Reference : Genital re-excretion of Murid gammaherpesvirus 4 following intranasal infection
Scientific congresses and symposiums : Poster
Life sciences : Microbiology
http://hdl.handle.net/2268/121609
Genital re-excretion of Murid gammaherpesvirus 4 following intranasal infection
English
François, Sylvie mailto [Université de Liège - ULg > > Immunologie et vaccinologie >]
Vidick, Sarah mailto [Université de Liège - ULg > > Immunologie et vaccinologie >]
Sarlet, Michaël mailto [Université de Liège - ULg > Département de morphologie et pathologie > Département de morphologie et pathologie >]
Desmecht, Daniel mailto [Université de Liège - ULg > Département de morphologie et pathologie > Pathologie spéciale et autopsies >]
Stevenson, Philip G. [University of Cambridge > Division of Virology > Department of Phathology > >]
Drion, Pierre mailto [Université de Liège - ULg > Département des sciences biomédicales et précliniques > GIGA-R:Méth. expér.des anim. de labo et éth. en expér. anim. >]
Vanderplasschen, Alain mailto [Université de Liège - ULg > > Immunologie et vaccinologie >]
Gillet, Laurent mailto [Université de Liège - ULg > > Immunologie et vaccinologie >]
16-Nov-2011
Yes
International
Annual meeting of the Belgian Society for Microbiology
16 novembre 2011
Bruxelles
Belgium
[en] Gammaherpesviruses are the archetypes of persistent viruses that have been identified in a range of animals from mice to man. As the human gammaviruses have no well-established in vivo infection model, related animal gammaherpesviruses are an important source of information. We are studying Murid herpesvirus 4 (MuHV-4) in inbred laboratory mouse strains which are commonly accepted as a good model for studying gammaherpesviruses in vivo. To date, it has however never been possible to monitor viral reexcretion and virus transmission in this species. In order to identify potential re-excretion sites, intranasally infected mice were followed through global luciferase imaging for up to six months after infection. Surprisingly, we detected transient viral replication in mice genital tract at various times after latency establishment. Ex vivo imaging, quantitative PCR and immunohistochemistry revealed that virus genomes were present in high quantity in the vaginal tissue and that viral replication occurred mainly at the vaginal external border. Moreover, we highlighted the presence of free infectious viruses in the vaginal cavity at the moment of the observation of viral replication. As this ephemeral viral reexcretion could reveal a link with reproductive cycle, we compared reexcretion in normal and ovariectomized mice.
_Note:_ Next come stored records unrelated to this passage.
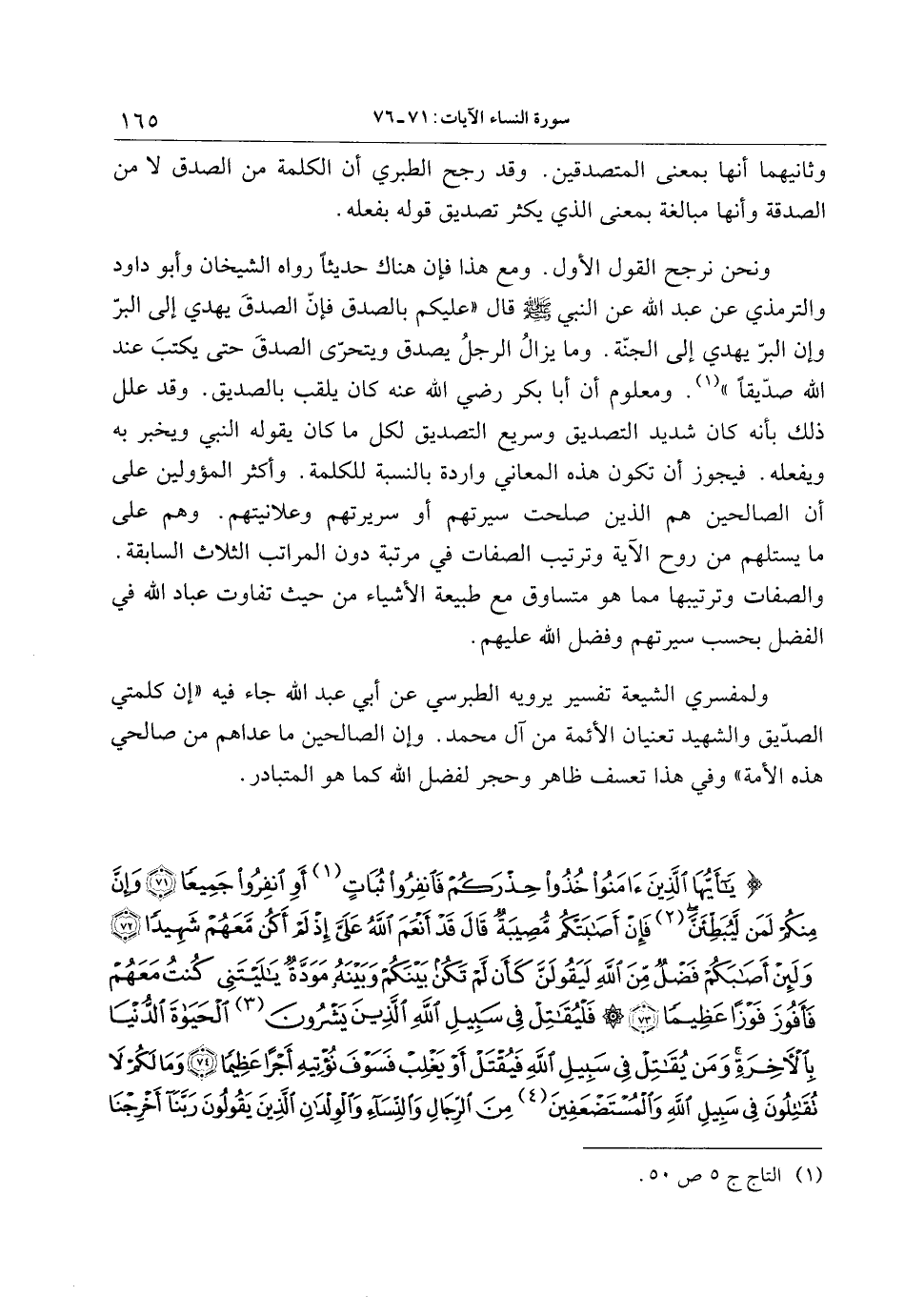 ولمفسري الشيعة تفسير يرويه الطبرسي عن أبي عبد الله جاء فيه «إن كلمتي الصدّيق والشهيد تعنيان الأئمة من آل محمد. وإن الصالحين ما عداهم من صالحي هذه الأمة» وفي هذا تعسف ظاهر وحجر لفضل الله كما هو المتبادر.
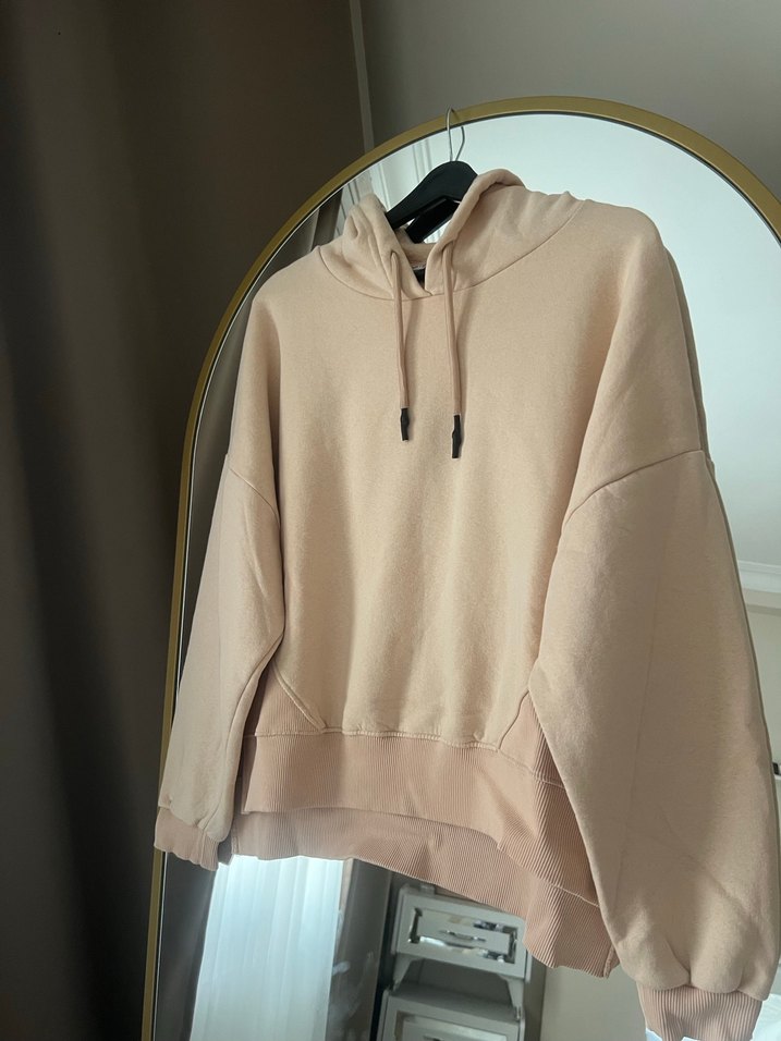 Bej renkte, kapüşonlu, uzun kollu ve bol kesim kadın sweatshirt. Yumuşak ve sıcak kumaştan yapılmıştır. Günlük kullanıma uygun, zahmetsiz şıklık sunar.
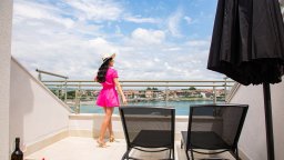 Хотелът разполага с 49 двойни стаи, 6 студиа, 2 ексклузивни мезонета, 9 изключителни апартамента и един ВИП апартамент, които предлагат всичко необходимо за пълноценна морска почивка. Елегантното фоайе, спокойната атмосфера в лоби бара е идеалната среда за продължителни и приятни беседи, съпроводени с избор от изискани напитки.
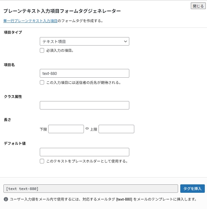 Contact Form 7 でフォームを作成する際、最も頻繁に使うのが 「テキスト入力項目」 です。お名前、会社名、電話番号など、1行で入力してもらう項目は、基本的にこの設定から作成します。
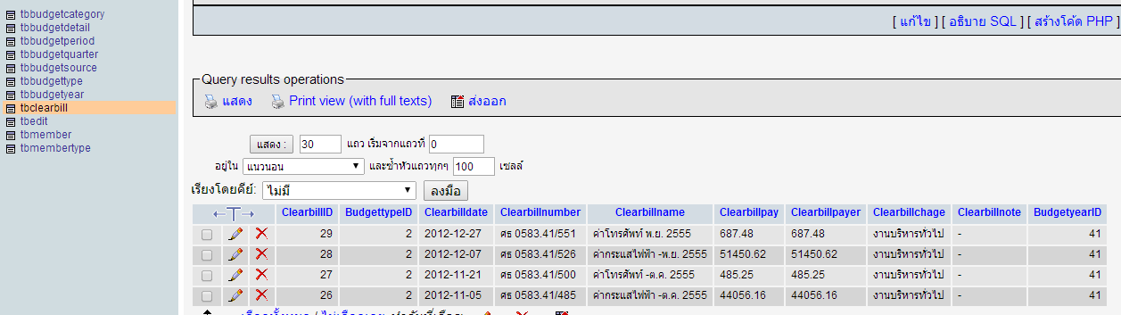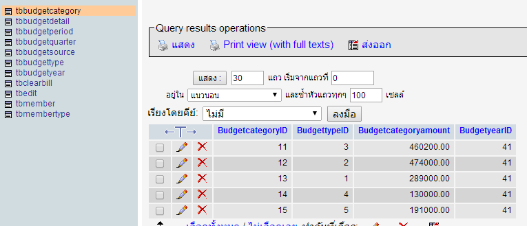 $total = 0; $sql = mysql_query("SELECT * FROM tbbudgetcategory ORDER BY BudgetcategoryID ASC"); while($row = mysql_fetch_assoc($sql)){ $totalBill = 0; $sqlTblclearBill = mysql_query("SELECT * FROM tblclearbill WHERE BudgettypeID='$row[BudgettypeID]'"); while($rowTblclearBill = mysql_fetch_assoc($sqlTblclearBill)){ $totalBill = $totalBill+$rowTblclearBill['Clearbillpay']; } $total = $row['Budgetcategoryamount']-$totalBill; echo $row['BudgetcategoryID']." เหลือเงินจำนวน ".$total."<br>"; }
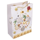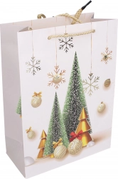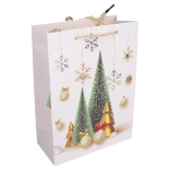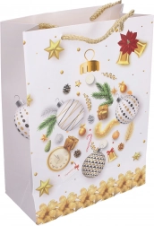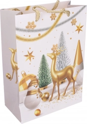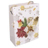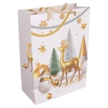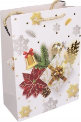 Pungă cadou stilată, mărimea S, cu dimensiunile 18 × 24 × 8,5 cm, ideală pentru ambalarea cadourilor mici. Oferă motive de Crăciun, execuție solidă și transport confortabil datorită mânerelor practice.
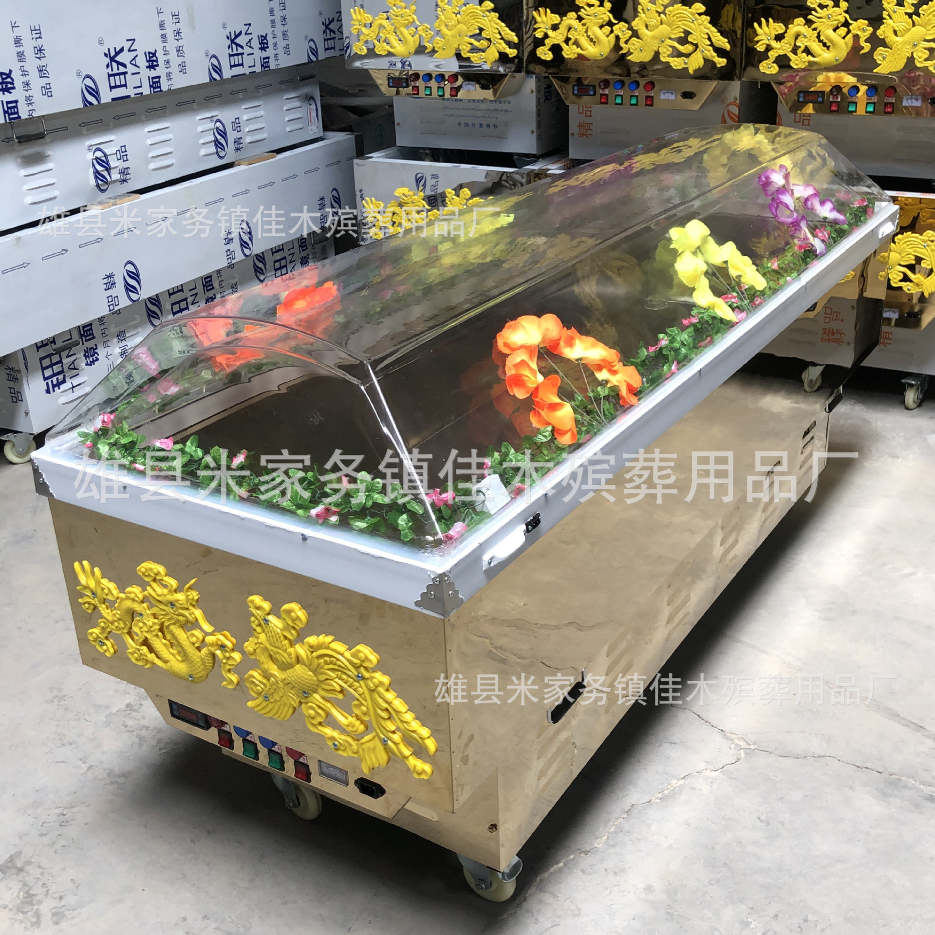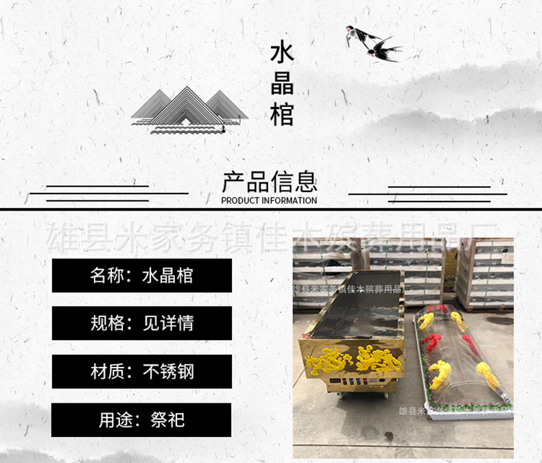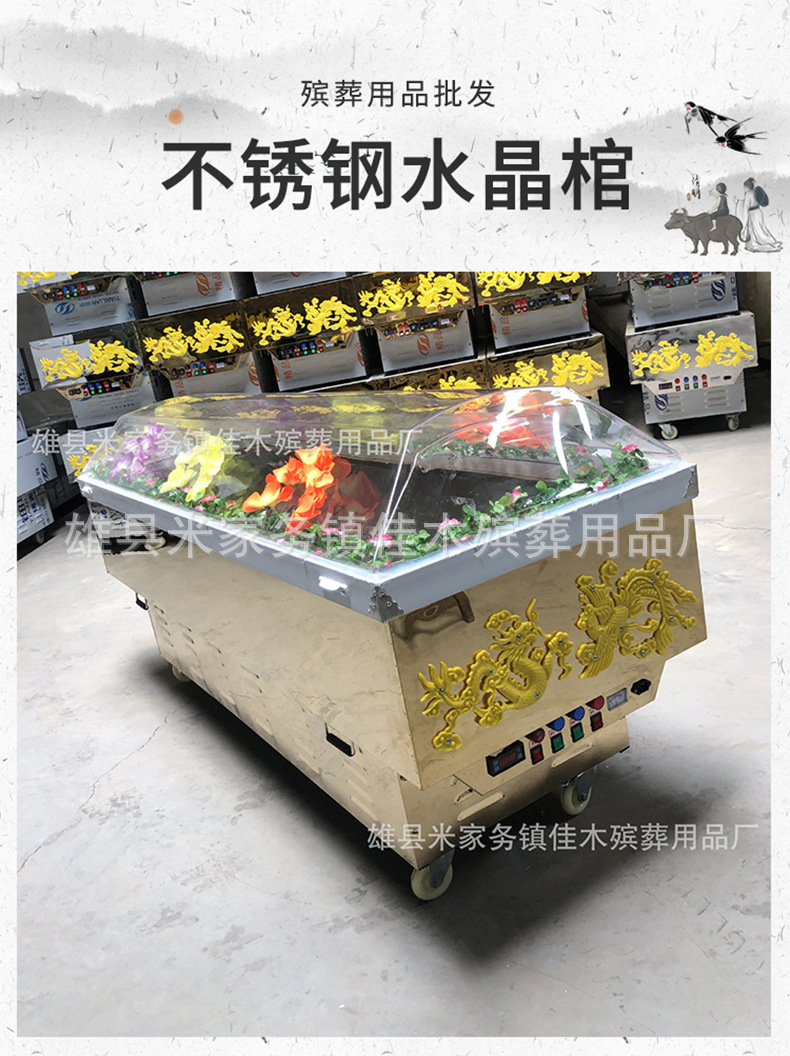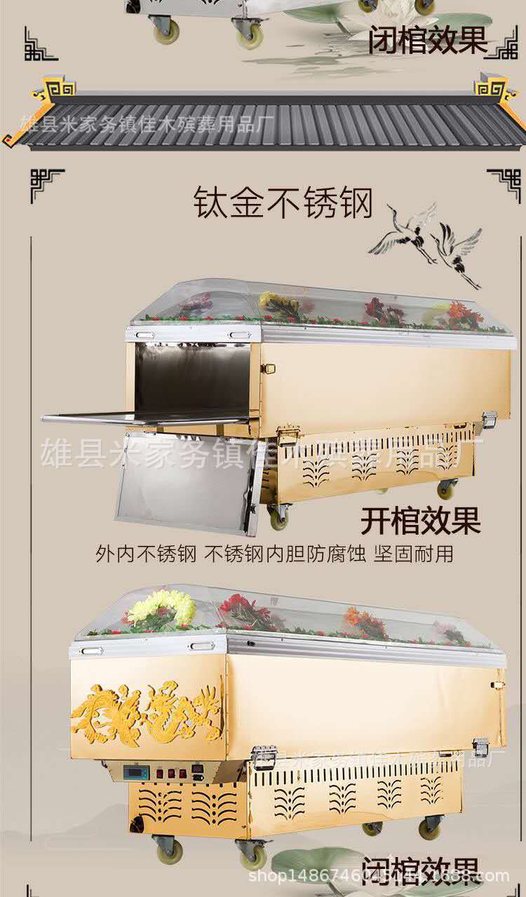Похоронные принадлежности: хрустальный гроб, ледяной гроб, цельномедный морозильник с двойным холодильным компрессором, титановая пластина, хрустальный гроб, портативная ледяная пластина
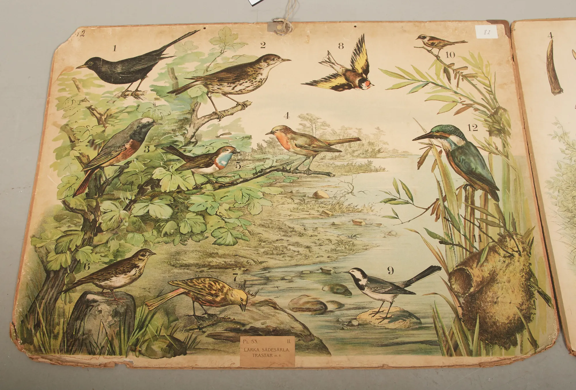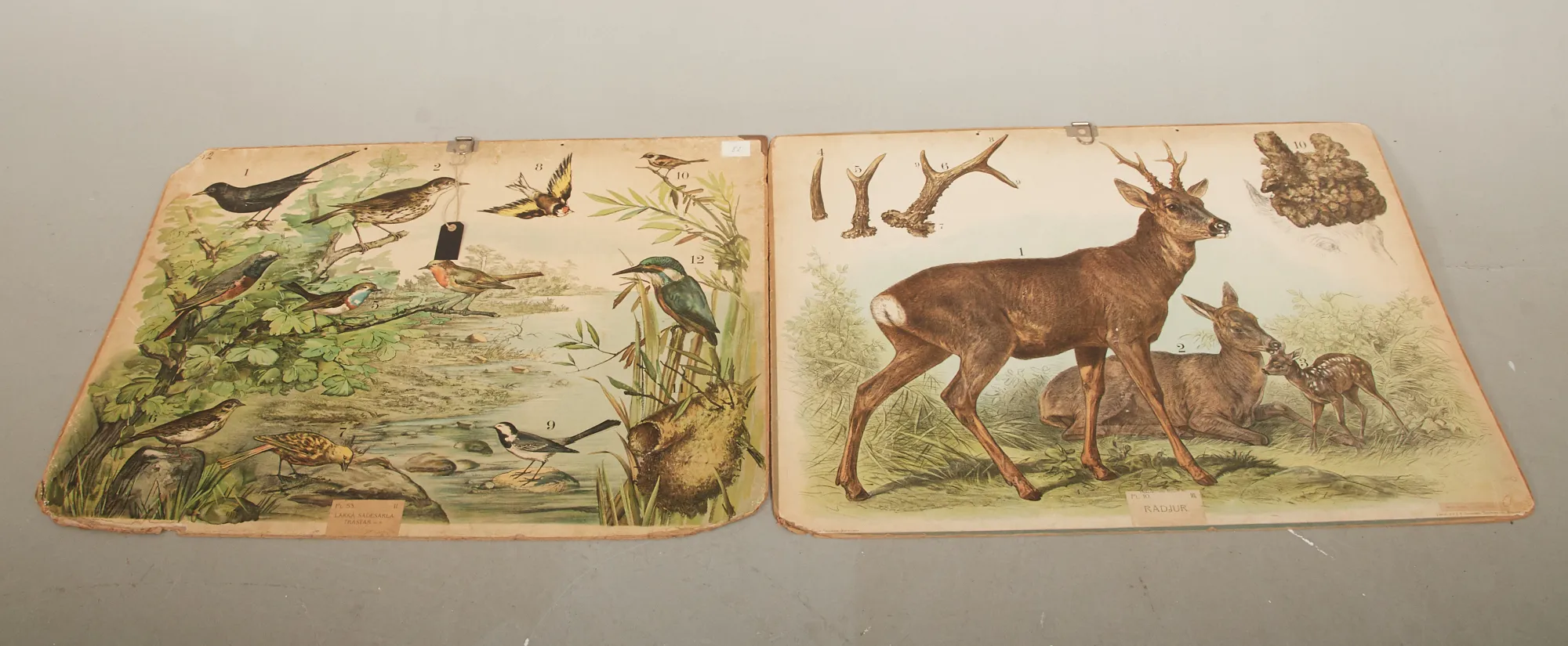 2 st, rådjur, samt fåglar, 82 x 105 cm, bruksslitage, skador förekommer.

Interestingly, no viral reactivation was observed in absence of hormonal cycle. In conclusion, we experimentally indentified for the first time a reexcretion site for MuHV-4 in mice that had been intranasaly infected. In the future, these results could help us to better understand the biology of gammaherpesviruses but should also allow us to develop strategies that could prevent the spread of these viruses in natural populations.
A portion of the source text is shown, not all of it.